正月的最后一天,宫里举办盛大的迎春宴。
官家太太,夫人和贵女们的马车,络绎不绝地进入皇宫。
老太太,嘉和郡主,宋挽初乘坐同一辆马车。
马车宽敞舒服,气氛却有些古怪。
嘉和郡主已经知道,老太太认宋挽初当干孙女。
她也知道这意味着什么。
她唯一的儿子,永远都不会回来了。
他再也没有国公府的任何身份。
从此之后,他只会是宋挽初一个人的。
宋挽初还以为嘉和郡主会对她恶语相向,把失去儿子的罪责,全都怪到她的头上。
然后一如既往地痛恨她。
一路上,嘉和郡主却很沉默。
她还时不时就瞄一眼宋挽初,那眼神不带恨,也不带怨,掺杂了许多情感。
宋挽初读不懂,困惑地望着老太太。
老太太却优哉游哉地闭目养神。
快到宫门口的时候,嘉和郡主终于开口了。
她似乎酝酿了很久,才决心开口,声音艰涩不堪,“我不怪你。

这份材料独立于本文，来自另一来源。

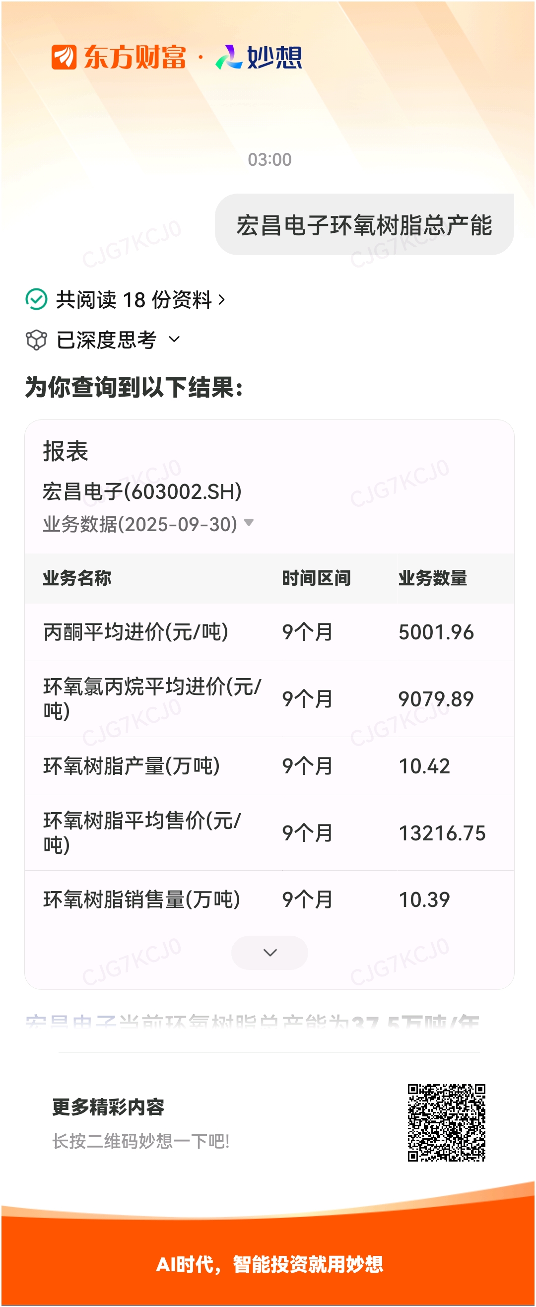 #@妙想,你怎么看?# 妙想一下:宏昌电子环氧树脂总产能已到37.5万吨,目前价格1.4万元,中高端更贵,由此推算收入53亿,覆铜板收入计划100亿。$宏昌电子(SH603002)$ $金安国纪(SZ002636)$
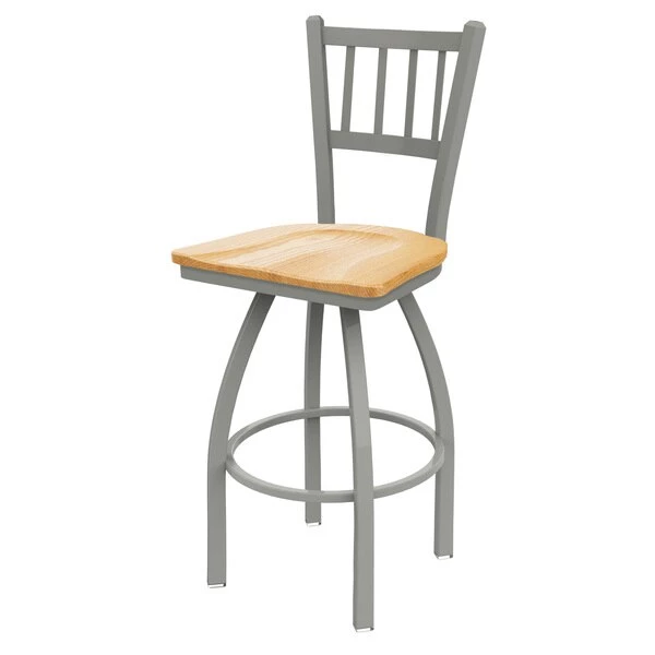 Customize your very own bar stool with the help of the Holland Bar Stool Co. This Anodized Nickel Contessa swivel bar stool has a contemporary design and provides superb back support for exceptional comfort. The frame is made from commercial quality 16 gauge, 1 1/4 inch tube steel with solid mig welded joints to guarantee strength and durability. The powder coated finish resists chips and scratches and ensures a long-lasting, rich appearance. The wood seats are 1 1/4 inch solid hardwood (oak or maple) and are dished for amazing posterior comfort, making sitting for minutes or hours a pleasure. The cushion seats are of the highest quality as well, utilizing a breathable, commercial grade vinyl or fabric. At the heart of the cushion is 2 1/2 inches of highly-dense foam that provides maximum support and will not breakdown in a couple years. You won't find a higher quality stool on the market. If you are going to finish your bar or dining area – do it right, with a stool from the Holland Bar Stool Co.
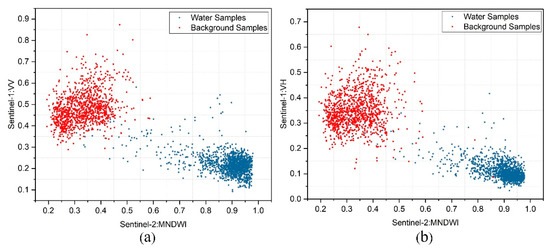 Water and non-water background samples plotted in feature space formed by Sentinel-1: (a) VV and (b) VH backscatter vs. Sentinel-2 MNDWI.
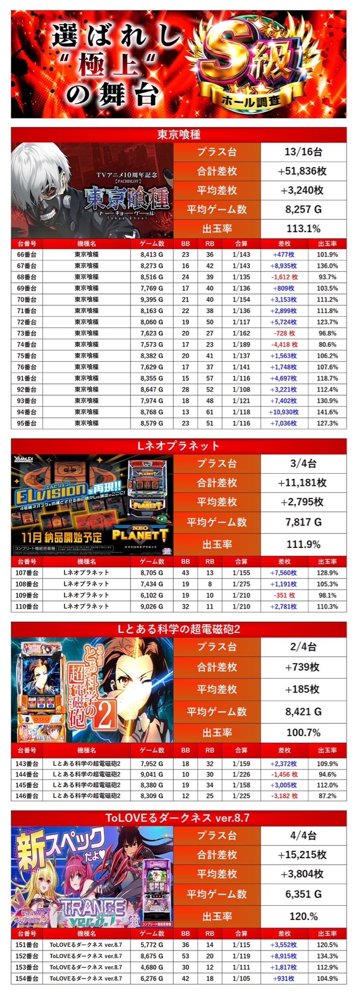 「東京喰種」や「Lネオプラネット」「Lとある科学の超電磁砲2」「ToLOVEるダークネス ver.8.7」の4機種28台がpickupされ平均差枚+2,820枚/出率111.8%だった。
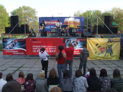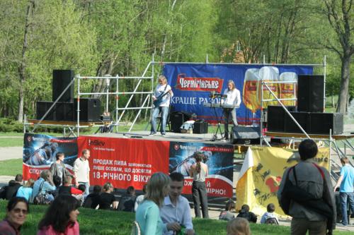 Ну и конечно, какой же праздник без концерта! И здесь организаторы постарались на славу. 1 мая в течении всего дня черниговцев развлекали известные творческие коллективы: духовой оркестр «Меридиан» Городского дворца культуры, джаз-группа «Мастер бенд», продюсерский центр «Тайгер мьюзик», школа танца «Альянс». Малыши могли порезвиться с веселым клоуном, а для любителей живой музыки целый 2-х часовой концерт подарила группа «Adams family». Самые активные могли выиграть пригласительные билеты от Центрального парка в различных конкурсах.
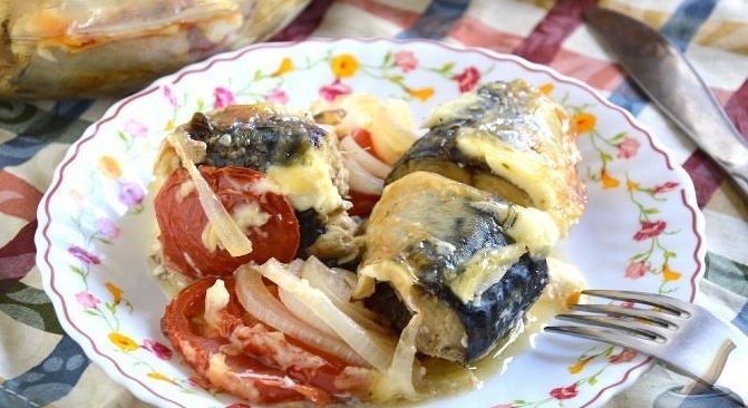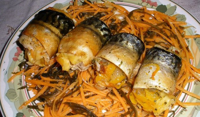 Одну моркву натираємо на тертці. Цибулю подрібнюємо. Овочі обсмажуємо до золотистої скоринки. Викладаємо їх на кожний шматочок скумбрії та загортаємо в рулетики. Викладаємо у форму та запікаємо 30 хвилин при температурі 190 градусів.
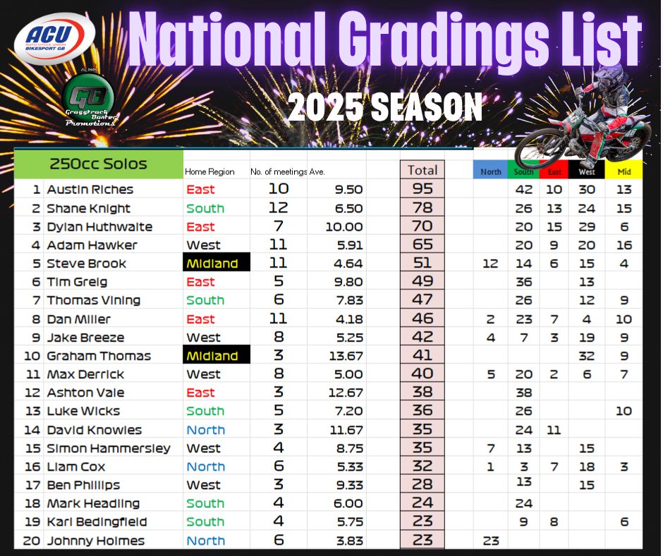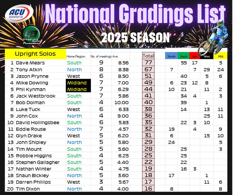 2025 British Grasstrack National Gradings list
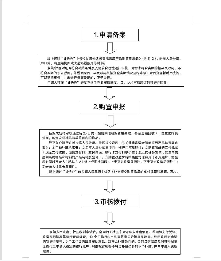 1.申请备案。通过“甘快办”上传《甘肃省适老智能家居产品购置需求表》(附件2)、老年人身份证、户口簿、房屋结构图或场景照片等材料,乡镇人民政府对是否符合补贴条件及其需求合理性进行审核,3个工作日内出具意见,对需求符合实际的报县民政局,不符合实际的予以驳回,并说明原因;县民政局根据资金实际,原则上2个工作日内出具备案意见(对因资金暂时用完的,可以延期出具意见),确保补贴资金使用精准、高效。

”
宋挽初当然知道她说的是什么。
她淡然一笑,“多谢郡主成全。”
嘉和郡主抿了抿嘴唇,斟酌了一会儿,才又开口道:“你其实该怨我的。”
从前她看不上宋挽初的家世,觉得她给梁屿舟当贵妾都是高攀。
过往的那三年,她对宋挽初百般挑剔和刁难。
甚至害得宋挽初雪夜小产,失去了一个孩子。
俞慧雁陷害宋挽初和杜咏通奸,她又是捉奸最积极的那一个。
嘉和郡主看着宋挽初平淡的眼神,心中越发愧疚,“从前,是我对你不好,你救了我儿子的命,我却把你当成敌人一样对待……”
她的声音逐渐哽咽,“你应该很恨我吧。”
她突如其来的大度和忏悔,宋挽初觉得有些莫名其妙,但很快就想通了。
或许,是她认清了一部分真实的俞慧雁,不再被俞慧雁轻易挑唆怂恿后,学会了从另一个角度看待她。
宋挽初不会因为嘉和郡主的忏悔,就欣慰,激动。
嘉和郡主,本就不是她生命中很重要的人。
从前不愿撕破脸,是顾及梁屿舟。
现在,她和梁屿舟再无隔阂误会,就更没有必要撕破脸了。
面对嘉和郡主的忏悔,宋挽初也给出了回应,“我不恨你,恨需要付出比爱更多更强烈的情感,拿过去的痛苦惩罚自己,不值得。”
老太太的眼球不动声色地朝宋挽初这边转了转。
她依旧没说话,但就是这么一个细微的动作,已经充分显露出她对宋挽初做法的赞同。
在不重要的人身上浪费感情,的确不值得。
嘉和郡主却更加羞愧了。
她本可以和宋挽初相处很好的。
可她却选择了最愚蠢的对抗方式。
那些曾经对宋挽初的鄙夷,羞辱,嘲笑,都化作无形的利剑,每一天都在用锥心刺骨的痛来惩罚她。
还要她承受永远失去儿子的痛苦。
这就是她的报应啊。
宫门口,官宦世家按照爵位高低和官阶大小,依次进入宫门。